Angela Titzrath is the new head of Hamburger Hafen und Logistik AG: a top job in the city with a long tradition in trade.
Angela Titzrath, head of Hamburger Hafen
Sitting on the far left of the first row is a woman. Next to her are five men dressed in dark blue suits and ties – pale pink, blue and white striped, some with black and white polka dots. Men from the executive board have been sitting in the first row for years, some even decades. However, something is very different today, something which they had never ever seen before: a woman sitting next to them on their front row. Angela Titzrath is the new head of the Hamburger Hafen und Logistik AG (HHLA), a logistics and transportation company operating in the Port of Hamburg and the largest employer in the port. The room is full this Thursday morning at the end of March 2017. She is making her first major appearance in Hamburg at a meeting at the corporate headquarters. She is due to talk about a past which she has not had anything to do with and a future which she hopes to shape.

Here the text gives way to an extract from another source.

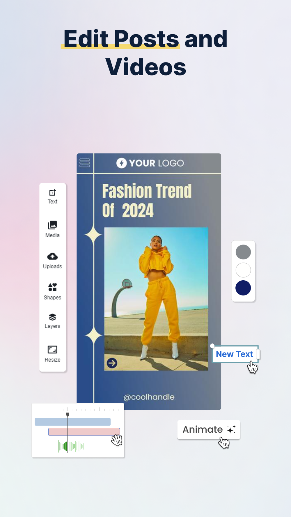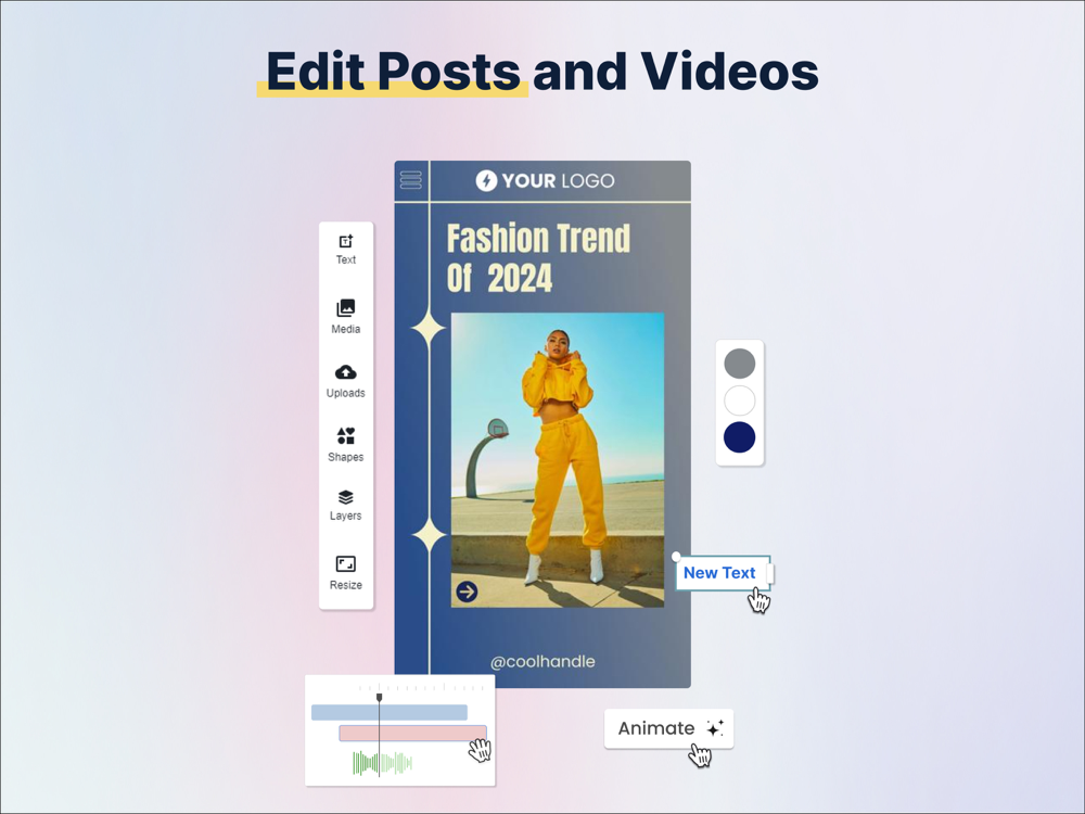Just give a simple text input to our AI and create social media reels, videos, memes, posts, captions, and hashtags. Edit with our built-in editor, plan with our social media content planner, and schedule in a click.

Titzrath stands up and walks over to the microphone: “Let me first start with a few personal remarks. I moved to Hamburg last year and I'm a new citizen of this great city. And I really enjoy this job here at Hamburger Hafen und Logistik AG, unreservedly and more each day.” She then goes on to discuss the crisis in shipping and how the number of containers passing through the Port of Hamburg will decrease in the future. She warns of negative developments in the global economy and requests that the HHLA let her do her job: providing secure jobs. It is personal, direct and demanding. Titzrath, a former senior director at Daimler and executive board member at leading global logistics provider DHL, is setting a new tone through her rhetoric and her actions. As a woman from another sector her appointment is notable in a city which currently finds itself in the midst of change.
In the city's parliament the coalition of Social Democrats and Greens is working with public initiatives to find solutions to the major issues affecting the city such as refugee accommodation, road transport and building houses. In business there are more and more executives coming from outside bringing in new ideas. In art and culture there is the resplendent Elbphilharmonie which opened in spring, where concert tickets can cost several thousand Euros on the black market because anyone and everyone is dying to get inside.

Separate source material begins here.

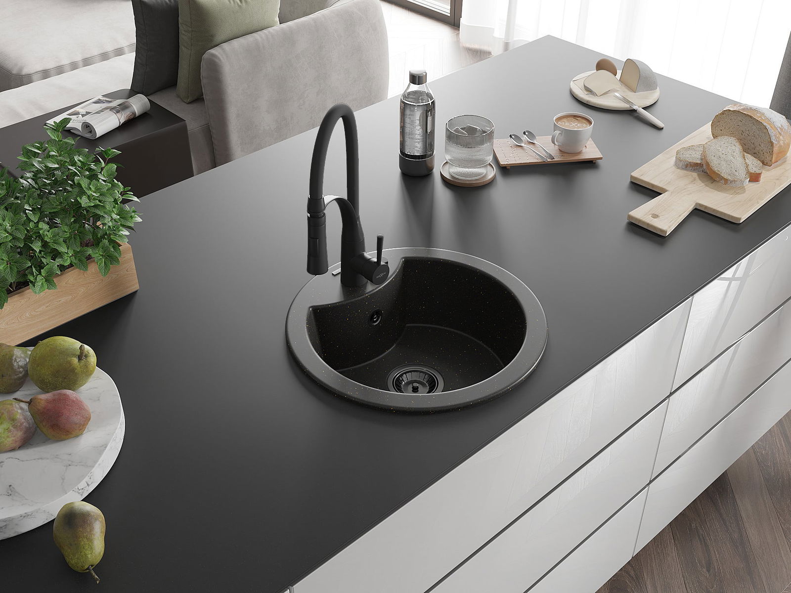 De gootsteen is gemaakt van hoogwaardig graniet. Het vormt een elegante en vooral praktische aanvulling op elke keuken, ongeacht de stijl. De hoge kwaliteit en duurzaamheid van graniet zorgen voor jarenlang gebruik.

Hamburg is growing: around 10,000 new apartments are being built every year. This is the goal of Olaf Scholz, the First Mayor of the Free and Hanseatic City. Hamburg is drawing in the crowds: in 2015 there were twelve million overnight stays, in 2015 there were only six million. Hamburg wants to become a global city, to be famous outside of Germany's borders. Thus hosting a world-famous event has arrived just at the right time. The G20 summit is an acid test for a metropole which believes in itself. It wants to show that with its history and approach it can meet expectations. A meeting of the most important heads of state from around the world should, apart from the pragmatic discussions, symbolise three things above all else: inter-connectedness, community and open-mindedness.
These are the values which are almost clichés in Hamburg given how often they come up in conversation. And they are seen just as often in everyday life – by Angela Titzrath and many other protagonists who shape this global city.